Arriving on Time Best for the Mind

Autistic children tend to have worse symptoms if they were born early or late

(RxWiki News) Being born early or late already carries some health risks for both mothers and their newborns. Now there's evidence an early or late birth can worsen symptoms of children with autism.

A new study reveals that preemies and late arriving babies who go on to develop autism are at a higher risk for self-inflicted injuries than autistic children born at term.

"Attend all prenatal appointments with your caregiver."

Tammy Movsas, of the Department of Epidemiology at Michigan State University, led a study that looked for patterns in the symptoms of autistic children born before 37 weeks or after 42 weeks of pregnancy.

Using 2006-2010 data from the Kennedy Krieger Institute at Johns Hopkins University, Movsas analyzed the records of 4,188 women whose autistic children ranged from age 4 to age 21.

She grouped the children according to when they were born: very preterm (before 34 weeks), preterm (34-37 weeks), on time (37-42 weeks), and post-term (after 42 weeks).

Each mother filled out questionnaires about their children's symptoms, including questions about social awareness, social cognition, social communication, social motivation and autistic mannerisms.

The two assessments used included the 40-item Social Communication Questionnaire (SCQ) and the 65-item Social Responsiveness Scale (SRS). A score of 15 or higher on the SCQ suggests a child has an autism spectrum disorder.

The SRS assesses people on a continuum: under 55 means the child is not autistic or is borderline, a score between 55 and 75 means they have mild to moderate symptoms, and a score over 75 suggests severe symptoms of autism.

The scores for symptoms of autism spectrum disorder were greater among children who had been preemies or late arrivals. The average screening scores of symptoms for children born on time was 22.6 and 85.6 on the two standard assessments used to measure the kids' autism symptoms.

Those children born very early scored 24.5 and 90, and those born one to three weeks early scored 23.7 and 88.1. Average scores of babies who had been born late were 25.5 and 88.4.

Although the study did not find any difference in motor skill development among the four groups, it did find a delay in children's ages when they first walked and first talked for children born before 34 weeks.

The researchers' calculations took into account each child's gender, ability to talk, IQ score and growth rate while in their mother's womb.

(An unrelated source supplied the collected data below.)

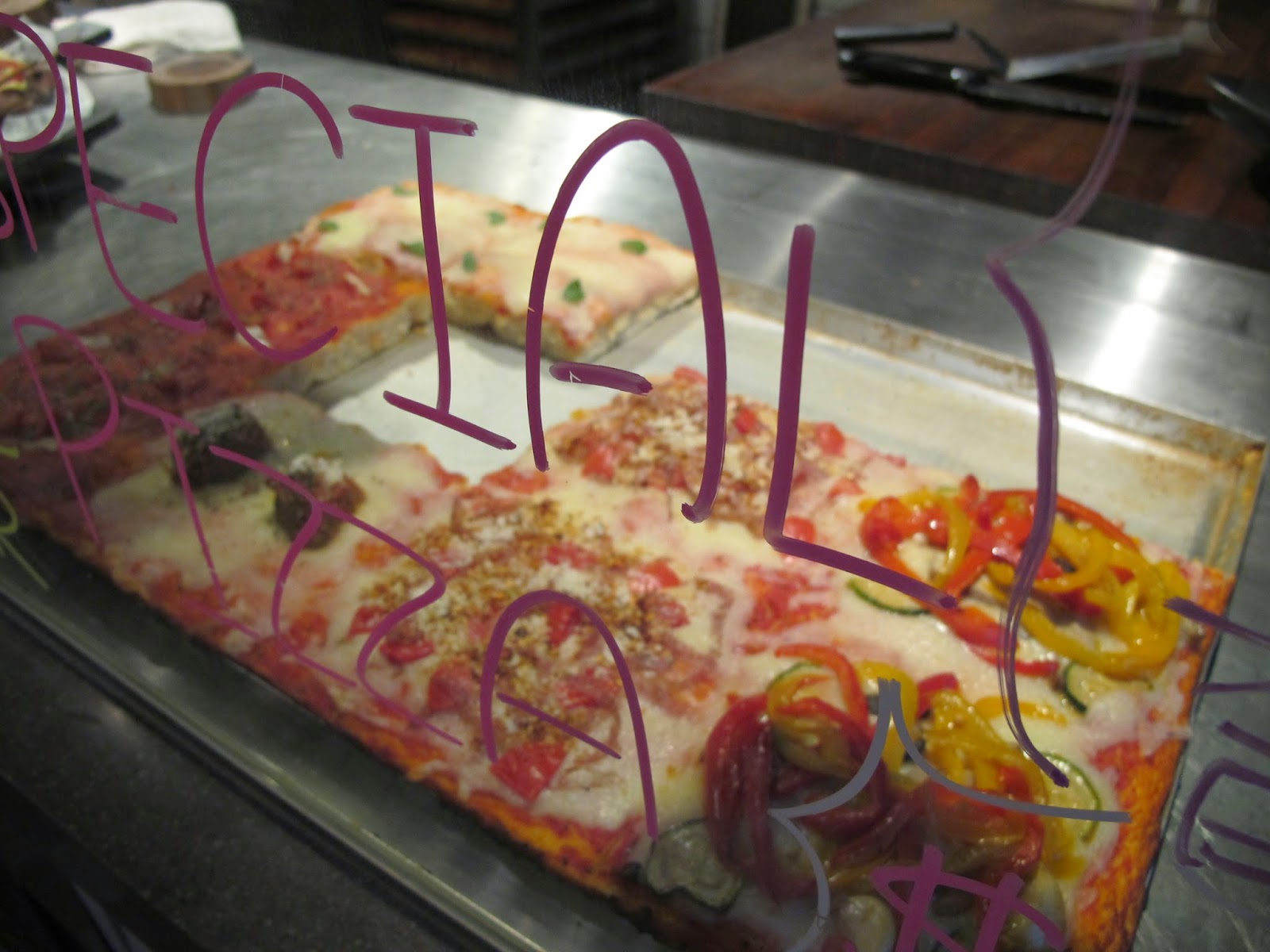 吃過他的披薩與義大利麵後,就常常光顧這間店,雖然是街頭小吃的菜色,但卻因為他的食材用得很好,一入口你就知道這是好質感的美食! 連最簡單的蔬菜披薩都可以那麼好吃,披薩是事先切大塊做好放在檯面上,跟義大利的小館一樣的作法,等你挑選好口味後,店員立刻將披薩放入烤箱中加熱,並對切四片後,送上桌! 披薩麵皮吃起來酥脆,但麵餅中間又厚又有彈性,完全是內軟外脆的口感,和義大利當地的披薩比較起來,較不油膩,而且比較軟Q,非常符合台灣人喜歡的口感,披薩有各式各樣的口味,從火腿蘑菇、義式肉丸、沙拉米、甜椒等,應有盡有,每種都好想吃啊! 我每次來都會試試不同的口味,每次都沒讓我失望。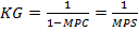Мультипликатор показывает- НА СКОЛЬКО ВОЗРАСТЕТ РЕАЛЬНЫЙ ВВП ИЛИ НД В РЕЗУЛЬТАТЕ УВЕЛИЧЕНИЯ РАСХОДВ ГОСУДАРСТВА НА ЗАКУПКУ ТОВРАОВ И УСЛУГ.
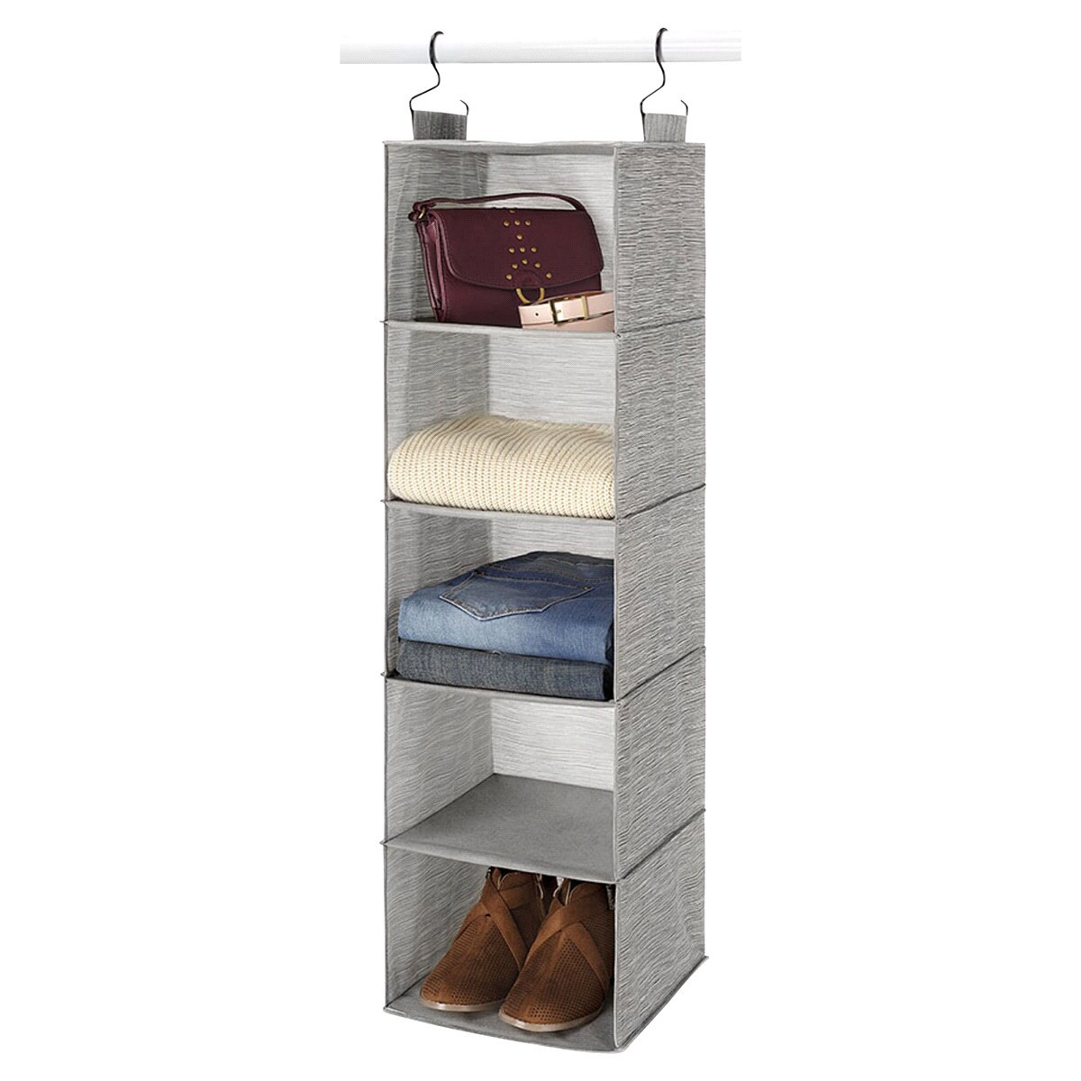 Bringing organization home. Neatly stores and organizes folded garments, shoes and accessories. Maximizes vertical space; eliminates cramped and cluttered closets. 5 open shelves for easy accessibilit…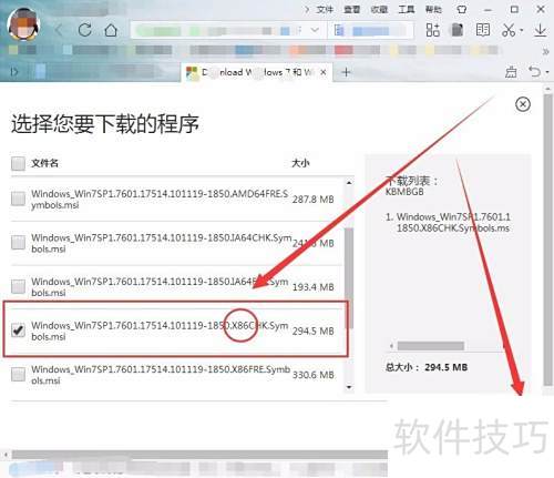 8、 在下载程序界面中,根据系统类型选择对应的Service Pack 1安装包,32位系统选X86,64位系统选64位版本,此处我选择了适用于32位操作系统的安装包进行下载。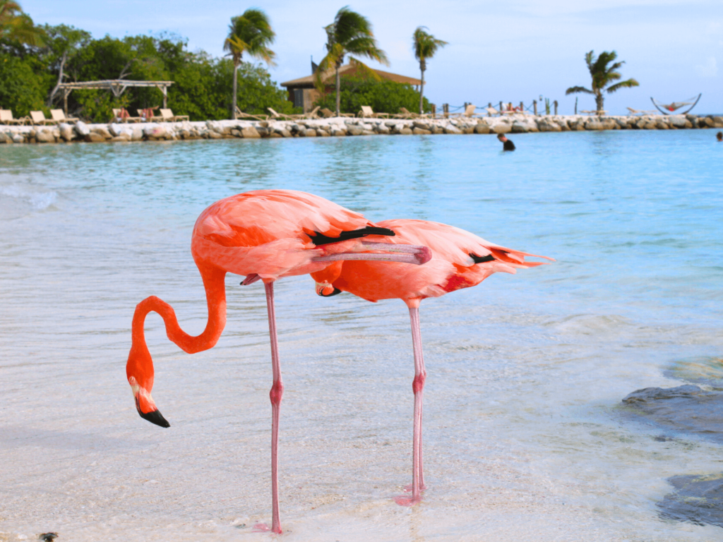 photo of flamingos in front of a cabana in aruba by elicit folio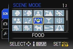 Baby1 and Baby2 could use a little explanation. They are two of the same thing (for two different babies), which sets the flash weaker than normal, and uses Macro mode and Intelligent ISO. But you can set different birthdays and names for each setting and these can be displayed during Playback or stamped on the recorded image using the Text Stamp feature.
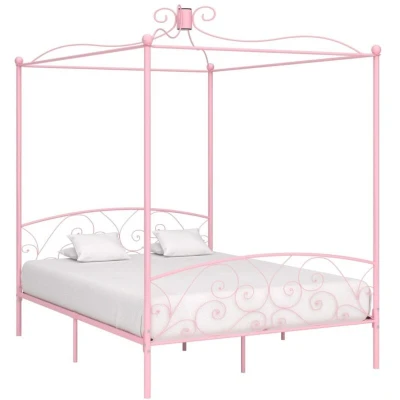 vidaXL Pink Metal Canopy Bed Frame 160x200cm Sturdy Bedroom Furniture Double with Slatted Base for Curtains/Mosquito Net
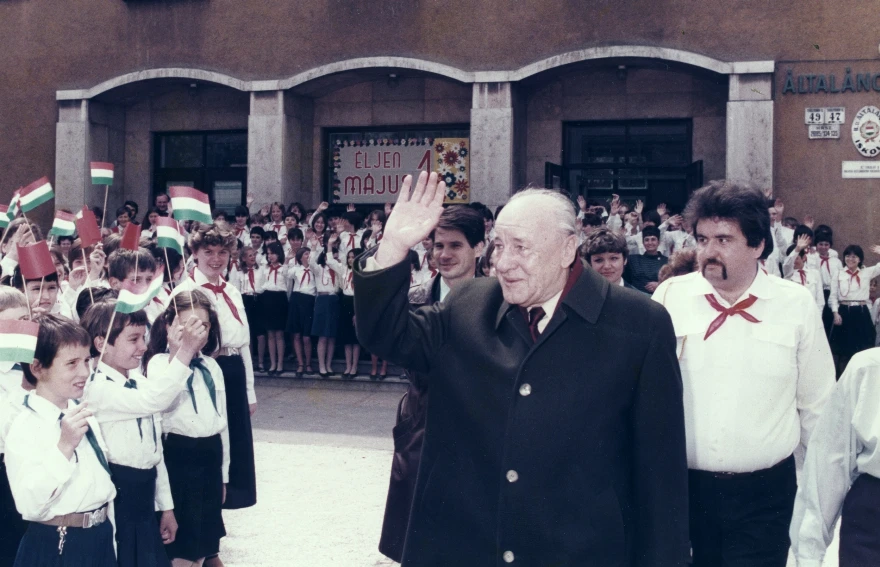 Az ünnep alkalmával Kádár János is ellátogatott egy-egy intézménybe, iskolába. A fotón a 2 sz. Általános Iskola diákjai (később Hegedűs Géza Általános Iskola) köszöntik 1985-ben. (Fotó: Fortepan, Angyalföldi Helytörténeti Gyűjtemény)

Although Movsas found that the length of a woman's pregnancy plays a part in how severe the condition is for children who develop autism, she did not find a reason for this link.

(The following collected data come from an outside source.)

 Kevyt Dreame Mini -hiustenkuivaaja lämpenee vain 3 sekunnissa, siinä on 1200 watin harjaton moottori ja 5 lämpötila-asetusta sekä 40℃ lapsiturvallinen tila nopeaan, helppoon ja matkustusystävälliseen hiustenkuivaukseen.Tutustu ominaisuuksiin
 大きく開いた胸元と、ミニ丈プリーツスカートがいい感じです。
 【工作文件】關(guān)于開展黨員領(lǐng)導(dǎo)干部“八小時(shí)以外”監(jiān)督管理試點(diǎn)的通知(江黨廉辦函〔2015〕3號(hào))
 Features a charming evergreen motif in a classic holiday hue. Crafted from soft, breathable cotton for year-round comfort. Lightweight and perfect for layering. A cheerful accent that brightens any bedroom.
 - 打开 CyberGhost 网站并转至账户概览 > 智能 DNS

One possibility is that whatever reason led to the child's lengthened or shortened time in the womb in the first place is also leading to an increase in the autism symptoms.

In other words, it's not the early or late birth that's likely causing the more severe symptoms. Instead, whatever hidden condition caused the baby to arrive early or late may also be contributing to how severe the child's condition is.

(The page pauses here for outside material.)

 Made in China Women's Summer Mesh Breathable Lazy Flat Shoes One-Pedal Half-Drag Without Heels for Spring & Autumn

One way to think about it is that children born on time - even if they go on to develop autism - are less likely to show as severe symptoms.

"The outside environment in which a preterm baby continues to mature is very different than the environment that the baby would have experienced in uteri," Movsas said. "This change in environment may be part of the reason why there is a difference in autistic severity in this set of infants."

For example, a baby is exposed to more hormones the longer he or she lives in the womb, which may or may not be related to how their symptoms show themselves later.

A longer pregnancy also increases the chances that a mother will experience complications with her placenta and/or that she will need a C-section or a birth requiring assistance from a vacuum or other medical device, Movsas said.

The study appeared online in April in the Journal of Autism and Development Disorders. The research was funded by the National Institutes for Health. No conflicts of interest were noted.